If it's a story about me, then I'll say so up front.

This is a blog about Truth, Justice and the American Way. The stories are true. No names have been changed to protect anyone's identity, including my own. If the story is about me, then I'll say so right up front. If I don't use a name to identify whom the story is about, then it's because it's not relevant. So please do not call me or e-mail me with your kind condolences or unwarranted congratulations about something that you believe is a cleverly disguised bio from my alter ego. These stories, like my photo, are unretouched.

Monday, November 30, 2009

Twitter “Croaks.” Gone Phishing!

Last week, I had to apologize to Miss Universe. Twice. I hate it when that happens.

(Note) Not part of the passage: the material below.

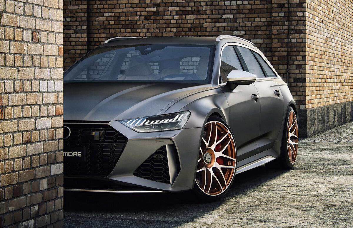 Немецкое тюнинг-ателье Wheelsandmore увеличило отдачу мотора универсала Audi RS6 Avant до 1010 лошадиных сил... Немецкое тюнинг-ателье Wheelsandmore представило свой новый проект: существенно модернизированный универсал Audi RS6 Avant. Всего доступно несколько стадий доработок, на последней из которых мощность двигателя автомобиля превышает отдачу мотора оригинального Bugatti Veyron 16.4. Программа тюнинга начинается с обычного перепрограммирования электронного блока управления двигателем. В таком случае отдача четырехлитрового мотора V8 с двумя турбинами вырастает с 600 л.с. и 800 Нм крутящего момента до 710 сил и 920 ньютон-метров. Доработки обойдутся заказчику в 2100 евро. Читать по теме: Тюнеры разработали 500-сильный дизельный Volkswagen Touareg >>> В последней, пятой стадии тюнинга, универсал получит существенно модернизированный силовой агрегат с увеличенными турбинами, новым блоком управления наддувом, а также другую выпускную систему без фильтров и глушителей. В таком случае

You see, she had taken exception to a couple of DM tweets that I had sent her, inviting her to check out an LOL video that “made my day,” and daring her to beat my IQ score. Frankly, I feel pretty confident that I could have held my own on the IQ score. The trouble was, I didn’t send either tweet. Nor did I taunt her with, “Did you know you were in this video?” Or offer to hook her up with Viagra at dirt cheap prices. At least, not on purpose.

Somebody hacked my Twitter account. What a mess! Multiple DMs (Direct Messages) had been sent to virtually every one of the hundreds of people who are “following” me. Bummer. Actually, Miss Universe was pretty nice about it. Others, not so much. I got some fairly nasty “croaks” from people I’d never even heard of. I just this minute invented the term “croak” because the whole word “tweet” has a kind of a nice, fun, upbeat sound to it. And there was nothing nice about some people’s reactions.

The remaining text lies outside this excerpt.